- **EXERCISE AIM**: With the line containing "En medio de" as the final line, restate exactly every line of the data below from the first one onward, and copy no pictures.

--- DATA FOR THIS EXERCISE ---

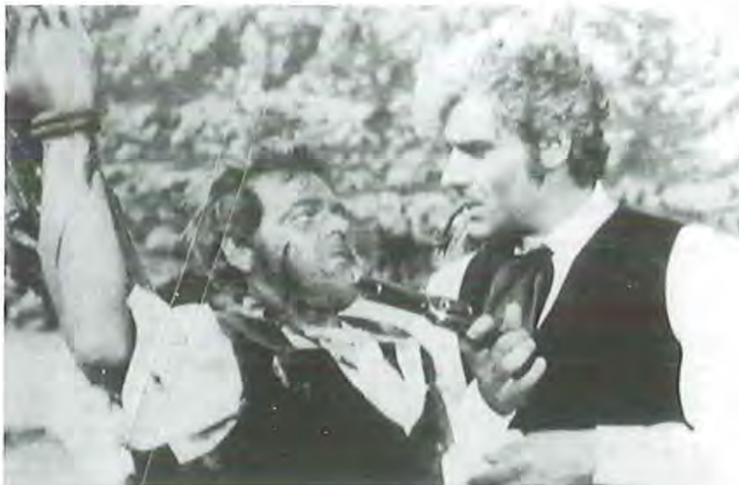
Cara a cara

En medio de ese estruendo de gritos y acciones violentas, la estructura del drama resulta intelectual y calculada, es decir, imprevisible. "Cuchillo" Sánchez no es un personaje tan neutro como parece a simple vista: su individualismo se manifiesta mediante su amor a la libertad y su apolítico odio, amén de burlesco desprecio, hacia representantes del gobierno, oficiales de la ley, revolucionarios, bandidos, pistoleros y moralistas. Es decir, hacia cualquier forma de restricción, de opresión. No en vano, su imagen siempre a caballo, galopando despreocupadamente sin rumbo fijo -mientras grita " ¡¡Cuchillo se vaaaaa!! "-, unida a sus miradas llenas de ironía o sus insolentes risotadas, se convierten en la exacta representación visual de ese sentimiento... "Cuchillo" no persigue en su vida
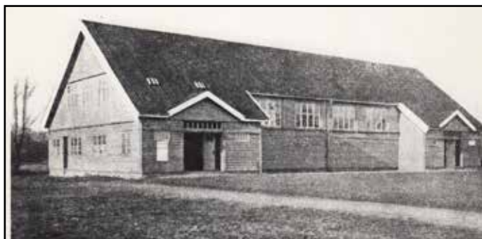
Skovshoved IF købte denne hal af AB i 1922. Den blev genopført og stod færdig i 1924, og året efter blev der for første gang spillet badminton i Danmark i denne hal.
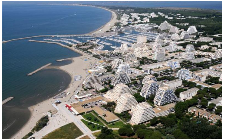
La station balnéaire de la Grande Motte ( vue aérienne )

→ Parmi les cinq types d'espaces touristiques que tu connais, La Grande-Motte appartient auquel ?

---

- **RESPONSE BELOW**:
Cara a cara

En medio de ese estruendo de gritos y acciones violentas, la estructura del drama resulta intelectual y calculada, es decir, imprevisible. "Cuchillo" Sánchez no es un personaje tan neutro como parece a simple vista: su individualismo se manifiesta mediante su amor a la libertad y su apolítico odio, amén de burlesco desprecio, hacia representantes del gobierno, oficiales de la ley, revolucionarios, bandidos, pistoleros y moralistas. Es decir, hacia cualquier forma de restricción, de opresión. No en vano, su imagen siempre a caballo, galopando despreocupadamente sin rumbo fijo -mientras grita " ¡¡Cuchillo se vaaaaa!! "-, unida a sus miradas llenas de ironía o sus insolentes risotadas, se convierten en la exacta representación visual de ese sentimiento... "Cuchillo" no persigue en su vida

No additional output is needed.